Soundtrack album by August Moon and Nicholas Galitzine
- Released: May 2, 2024
- Recorded: 2024
- Length: 32:24 (standard) 50:44 (deluxe)
- Label: Arista; Sony Music;
- Producer: Savan Kotecha (exec.)

Singles from The Idea of You (Original Motion Picture Soundtrack)
- "Dance Before We Walk" Released: March 6, 2024; "Taste" Released: April 12, 2024; "Closer" Released: April 26, 2024; "Guard Down" Released: May 24, 2024; "So Cold" Released: July 26, 2024;

= The Idea of You (soundtrack) =

2024 motion picture soundtrack

The Idea of You (Original Motion Picture Soundtrack) is the soundtrack to the 2024 film of the same name directed by Michael Showalter starring Anne Hathaway and Nicholas Galitzine. The film's soundtrack featured 10 songs performed by the fictional band August Moon and co-written by Savan Kotecha who served as the executive music producer. It also featured a suite from the score composed by Siddhartha Khosla.

The soundtrack, distributed by Arista Records and Sony Music, was released alongside the film on May 2, 2024, in digital platforms, while it was physically released the following day. It was further preceded by a deluxe edition of the album consisting of four live performances of the songs from the band.

== Production ==
According to music producer, Savan Kotecha, the only challenge was to have "songs that felt big" making the fictional band August Moon larger-than-life. The film's music supervisors Frankie Pine and Marcus Tamkin have cited several boy bands as inspiration, notably includes One Direction, Maroon 5, NSYNC and BTS. Kotecha who had previously worked with the former in few of the songs, had opined that the music in the film will not be mostly based on that particular band. The lead singer of the boy band, Hayes Campbell, is portrayed by Galitzine who also hails a musical background. With his casting, matching the on-screen and off-screen personalities of the character, Kotecha added that, "I was treating it like Hayes [Campbell] was a real person. Based on my own experiences, and conversations that I"d had with artists, I know who he would be, and what he would be feeling."
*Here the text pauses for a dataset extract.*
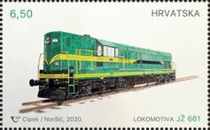 After introducing diesel engines, there was a need for procuring engines for pulling lighter freight and passenger trains as well as for heavy shunting. The first locomotive was delivered to Railway Transport Company Skopje in June of 1961. Railway Transport Company Zagreb received 33 locomotives manufactured between 1962 and 1965, while the remaining locomotives were distributed to other subsidiaries of Yugoslav Railways by 1972. Croatian Railways took over all 33 locomotives from Railway Transport Company Zagreb, to which it assigned the numerical code HŽ 2041. A 6.50 Croatian Kuna stamp was issued . Print Quantity 300,000.

Kotecha wanted the original songs to "illustrate August Moon"s evolution from shiny new boy band to radio mainstays". The songs from the film, indicates the band's creative control with their attempts for more substance and texture in the lyrics and music and chronologically follow Campbell's development, both as a character and musician, in order to work in the film's context. "Taste" being an "edgier, sexier" song was featured as the fictional band's second album, while "Guard Down" was from their third album which showcases the "pitfalls of fame". "Closer" was described as the indicator of Solène Marchand and Campbell' romantic relationship at Coachella. The song "Dance Before We Walk" had a "bubbly" and "teenybopper-ish", which played during Campbell's departure from the band. The song appear "in bits and pieces" revolving around piano and guitar interludes and lyrics written sporadically throughout. This was meant to explore Campbell's creative progression of a solo singer-songwriter while also being a part of the development of Campbell and Marchand's relationship. "The Idea of You" and "Go Rogue" showcased Hayes' growth as a solo artist. The only pre-existing song from the soundtrack was "I Got You" which had additional production from Ilya Salmanzadeh and Babyface.
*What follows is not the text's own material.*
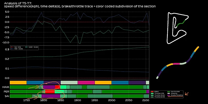 Еще немного из анализов вчерашнего дня - от Racing Telemetry. На инфографике показано, как работали с педалями Сайнс, Хэмилтон и Перес на участке с 5-го по 7-й поворот. Главное: Карлос и Льюис во время торможения также использовали газ (фиолетовый цвет), пока Перес полностью давил на тормоз (красный). Зачем? Так они старались сохранить баланс в задней оси, добиться лучшего сцепления сзади - то есть ни Сайнс, ни Хэмилтон не были уверены в стабильности задка. Перес же, судя по данным, чувствовал себя комфортно. Вывод: у «Ред Булл» все еще больше сцепления в высокоскоростных поворотах, чем у конкурентов.

Kotecha curated and composed the songs for nearly two to three months beginning June 2023, to shape it around Galitzine's vocals. Galitzine recorded his vocals at Sweden which took him three days, while normally it would take three weeks, with recording each song would take two days. He then recruited few of his friends and collaborators to serve as the remainder of the band members and background vocalists.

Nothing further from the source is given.